Operations
Observability & monitoring
Observability on the DataFlow AI Platform spans two layers: an infrastructure layer (Prometheus scraping Actuator endpoints, visualized in Grafana) and an application layer (monitor-service, a first-class product feature that tracks alerts, SLAs, cost, freshness, and pipeline run history).

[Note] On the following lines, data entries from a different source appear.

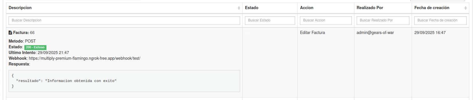 Webhooks para acciones de Factura
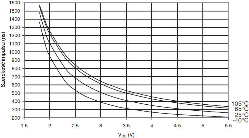 Rys.94 ATmega48PA: Minimalna szerokość impulsu resetu w
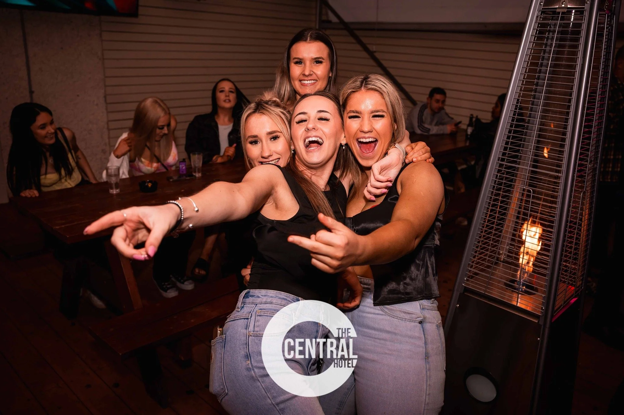 Group of friends enjoying a night out at The Central Hotel, laughing and posing for a photo indoors near a patio heater.

This page explains both and how to use them to keep pipelines healthy.
The observability stack
┌──────────────┐ ┌───────────────┐ ┌──────────────┐ ┌─────────────┐
│ api-gateway │ │ metadata-svc │ │ pipeline-eng │ │ monitor-svc │
│ /actuator/ │ │ /actuator/ │ │ /actuator/ │ │ /actuator/ │
│ prometheus │ │ prometheus │ │ prometheus │ │ prometheus │
└──────┬───────┘ └──────┬────────┘ └──────┬───────┘ └──────┬──────┘
│ │ │ │
└─────────────────┴────────┬─────────┴─────────────────┘
│ scrape every 15s
┌─────────▼──────────┐
│ Prometheus │
│ v2.54.1 │
└─────────┬──────────┘
│ datasource (default)
┌─────────▼──────────┐
│ Grafana 11.2.2 │
│ dashboards (UI) │
└────────────────────┘
monitor-service ── OpenTelemetry tracing + Prometheus metrics + SSE streams
copilot ── exposes /metrics (Python)
The stack has three cooperating parts:
- Prometheus scrapes metrics from each service's Spring Boot Actuator endpoint.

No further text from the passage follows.